Significance. If the empirical gains hold under rigorous controls, the work would be significant for practical deployment of SAM on resource-limited hardware, as it provides an architecture-aware PTQ solution rather than generic quantization. Credit is given for explicitly diagnosing SAM-specific challenges in the decoder and for introducing targeted mechanisms (MAC and JCAR) that aim to preserve cross-attention information without retraining. The approach could influence future quantization of other vision transformers with coupled branches.

major comments (3)

[§4] §4 (Experiments): The central claim of 14.6% and 6.6% mAP gains on SAM-B and SAM-L at 4-bit precision is presented without reported details on calibration-set size, baseline implementations, ablation configurations, or error bars across multiple runs. This absence makes it impossible to determine whether the improvements are robust or attributable to the proposed MAC/JCAR mechanisms versus unablated factors such as optimizer schedule or data selection.
[§3.2] §3.2 (MAC mechanism): The assertion that MAC mitigates attention dissipation by relocating MatMul activation errors into preceding linear weights lacks supporting diagnostics. No attention-map visualizations, attention-sharpness metrics, or before/after quantization comparisons are provided to confirm that the mechanism actually restores semantic attention structure rather than merely improving overall accuracy through other means.
[§3.3] §3.3 (JCAR strategy): The claim that JCAR suppresses oscillatory behavior in the bidirectional decoder branches is not directly validated. Absence of per-iteration mask-variance curves, convergence diagnostics, or controlled ablations isolating JCAR from standard reconstruction leaves open the possibility that reported stability and mAP gains arise from generic optimization choices rather than the joint cross-attention formulation.

minor comments (2)

The abstract would be strengthened by briefly stating the evaluation datasets and the precise bit-width configurations used for the reported mAP numbers.
[§3] Notation for the two-way transformer branches and the MatMul operations should be introduced with a single consistent diagram or equation set early in §3 to aid readability.

Simulated Author's Rebuttal

3 responses · 0 unresolved

We sincerely thank the referee for the constructive and detailed feedback. The comments highlight important aspects of experimental rigor and mechanistic validation that we have addressed in the revision. Below we respond point-by-point to the major comments.

read point-by-point responses

Referee: §4 (Experiments): The central claim of 14.6% and 6.6% mAP gains on SAM-B and SAM-L at 4-bit precision is presented without reported details on calibration-set size, baseline implementations, ablation configurations, or error bars across multiple runs. This absence makes it impossible to determine whether the improvements are robust or attributable to the proposed MAC/JCAR mechanisms versus unablated factors such as optimizer schedule or data selection.

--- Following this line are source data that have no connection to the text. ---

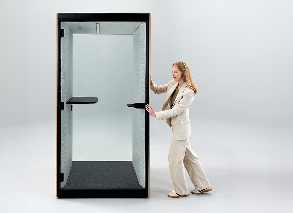 Die SONUS S Akustikkabinen bieten eine hervorragende Schalldämmung und schaffen ein angenehmes und ruhiges Umfeld. Die Akustikkabine ist nach ISO 23351-1:2020 als Schallschutzklasse B eingestuft. Mit geschlossener SONUS S Tür sind Sie vor störenden Bürogeräuschen geschützt und Ihre privaten Gespräche bleiben vertraulich.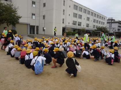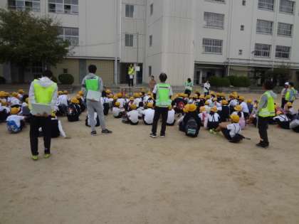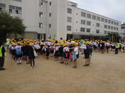 全児童が教室に戻って一日の振り返りをした後、集団下校訓練をしました。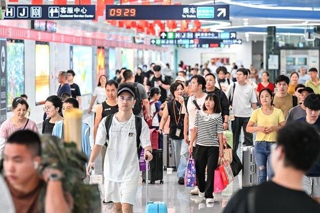 尽管人流如织,但在车站工作人员和志愿者的有序引导下,站内和车厢秩序井然。免费通行的便利和温馨的服务,化作每个人脸上轻松愉快的笑容。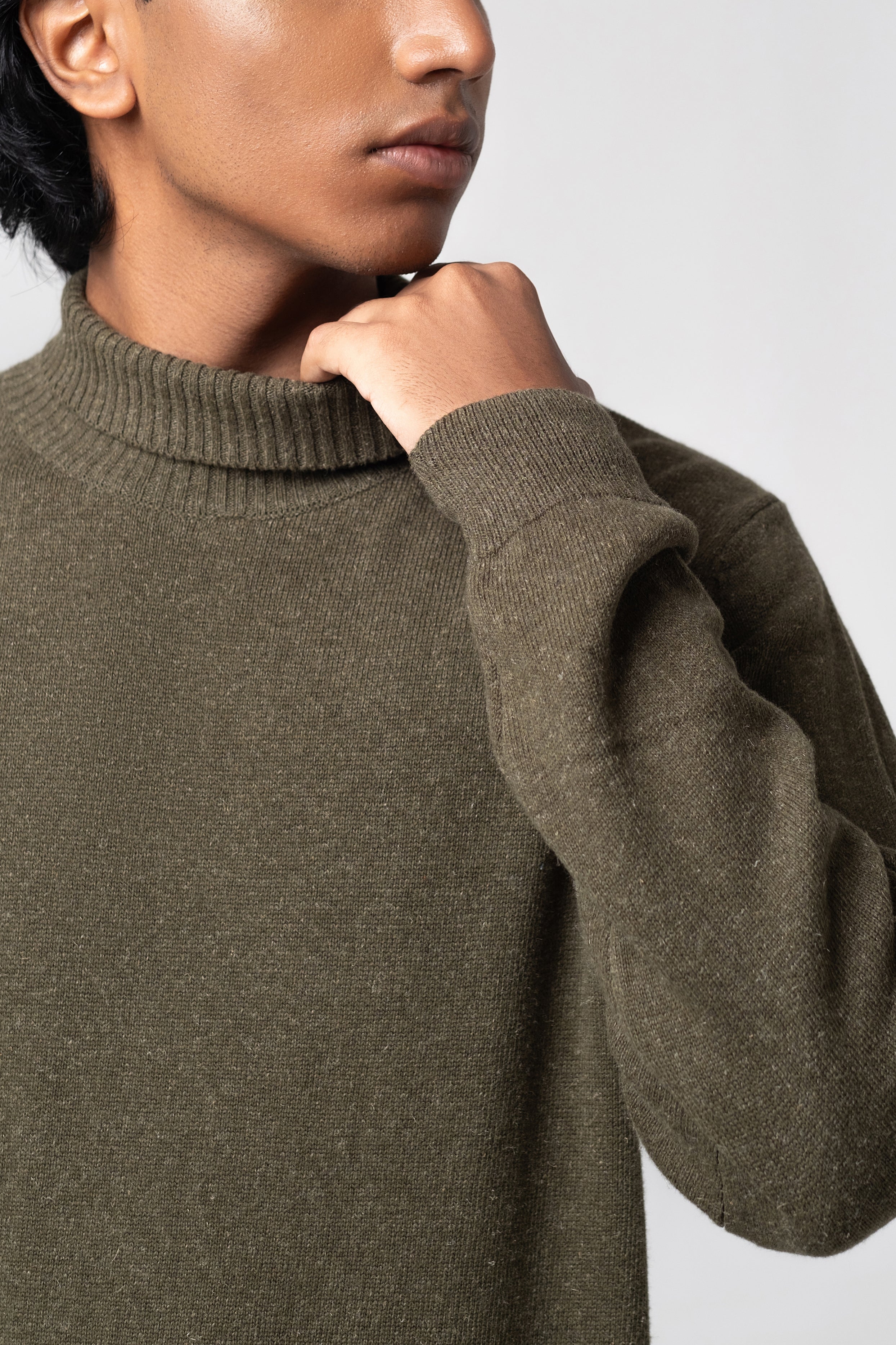 The turtle neck design provides a sleek, elevated look that transitions effortlessly from casual to smart wear. The olive hue adds a subtle, earthy tone that pairs perfectly with jeans, chinos, or tailored trousers.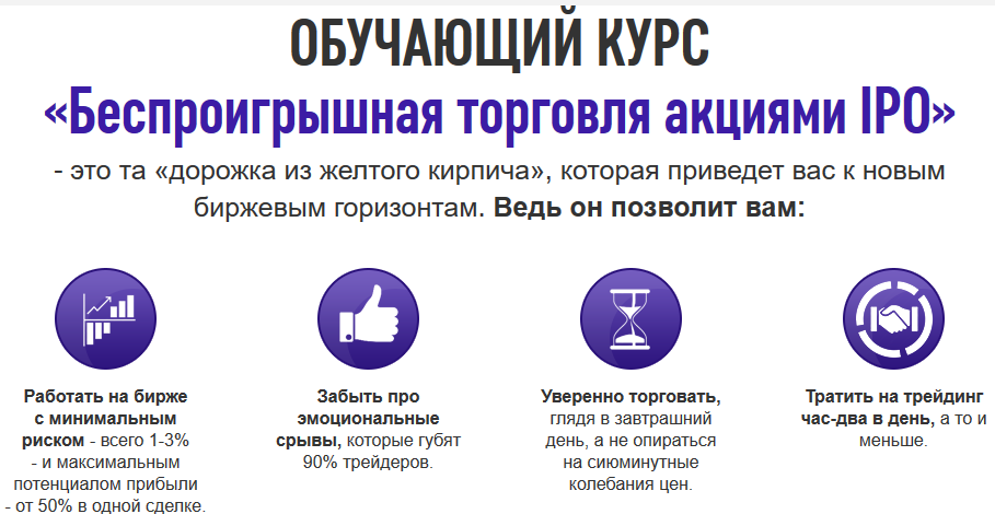 От 50% в год и более - именно столько вы с легкостью сможете зарабатывать, пройдя курс «Беспроигрышная торговля акциями IPO».

Authors: We agree that these details are essential for assessing robustness and reproducibility. In the revised manuscript we have expanded §4 with the following: the calibration set comprises 1024 images randomly sampled from the COCO training set; all baselines were re-implemented from their official codebases using identical hyper-parameters and the same calibration data; ablation tables now explicitly isolate the contribution of MAC and JCAR; and we report mean mAP together with standard deviation over five independent runs that vary the random seed for both data sampling and optimizer initialization. The added statistics confirm that the reported gains remain consistent and are attributable to the proposed components rather than unablated factors. revision: yes
Referee: §3.2 (MAC mechanism): The assertion that MAC mitigates attention dissipation by relocating MatMul activation errors into preceding linear weights lacks supporting diagnostics. No attention-map visualizations, attention-sharpness metrics, or before/after quantization comparisons are provided to confirm that the mechanism actually restores semantic attention structure rather than merely improving overall accuracy through other means.

Authors: While the ablation results in the original submission already demonstrate the necessity of MAC for preserving performance, we acknowledge the value of direct mechanistic evidence. The revised manuscript now includes new figures showing side-by-side cross-attention maps from the decoder for the full-precision model, the 4-bit model without MAC, and the 4-bit model with MAC. We additionally report quantitative diagnostics: average attention-map entropy and cosine similarity to the full-precision attention maps. These visualizations and metrics confirm that MAC reduces dissipation and restores semantic focus beyond what generic accuracy improvements would produce. revision: yes
Referee: §3.3 (JCAR strategy): The claim that JCAR suppresses oscillatory behavior in the bidirectional decoder branches is not directly validated. Absence of per-iteration mask-variance curves, convergence diagnostics, or controlled ablations isolating JCAR from standard reconstruction leaves open the possibility that reported stability and mAP gains arise from generic optimization choices rather than the joint cross-attention formulation.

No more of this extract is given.